__Task to carry out__
A full, word-for-word copy of the listing below is needed; leave the images out of it.

__Exercise data__
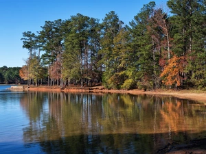 lifebuoy, lake, trees, viewes, forest, Observation Deck
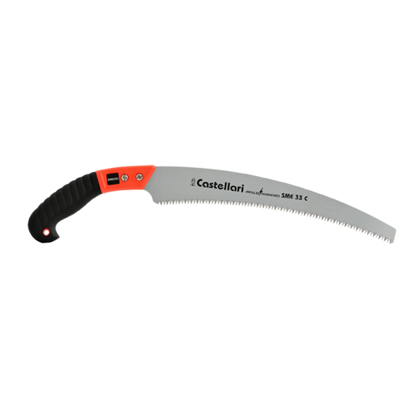 Il seghetto professionale SME 33C è caratterizzato dalla forma curva della sua lama. La lama è in acciaio ad alto contenuto di carbonio con ricopertura al cromo duro per aumentare la penetrazione nel ramo e come trattamento anti-ruggine. Il taglio netto e preciso rende la superficie del legno liscia e levigata, questo evita infezioni e consente una rapida cicatrizzazione del ramo. I denti sono affilati su 3 piani e con tempra ad impulsi per prolungare al massimo la durata dell’affilatura. La particolare lavorazione della lama detta “a piani svasati” è studiata per migliorare la penetrazione nel ramo diminuendo radicalmente l’attrito. È munito di fodero con fibbia orientabile.
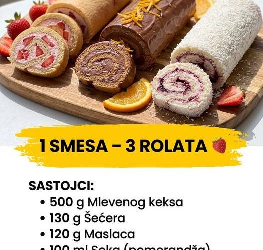 Kada dođu topliji dani, teške pečene torte rado menjamo za brze, osvežavajuće voćne deserte. Ovaj recept je apsolutni fenomen jer vam omogućava da od samo jedne jednostavne baze od keksa napravite tri potpuno različita, vizuelno prelepa i neopisivo ukusna rolata.

__Completed task__
 lifebuoy, lake, trees, viewes, forest, Observation Deck
 Il seghetto professionale SME 33C è caratterizzato dalla forma curva della sua lama. La lama è in acciaio ad alto contenuto di carbonio con ricopertura al cromo duro per aumentare la penetrazione nel ramo e come trattamento anti-ruggine. Il taglio netto e preciso rende la superficie del legno liscia e levigata, questo evita infezioni e consente una rapida cicatrizzazione del ramo. I denti sono affilati su 3 piani e con tempra ad impulsi per prolungare al massimo la durata dell’affilatura. La particolare lavorazione della lama detta “a piani svasati” è studiata per migliorare la penetrazione nel ramo diminuendo radicalmente l’attrito. È munito di fodero con fibbia orientabile.
 Kada dođu topliji dani, teške pečene torte rado menjamo za brze, osvežavajuće voćne deserte. Ovaj recept je apsolutni fenomen jer vam omogućava da od samo jedne jednostavne baze od keksa napravite tri potpuno različita, vizuelno prelepa i neopisivo ukusna rolata.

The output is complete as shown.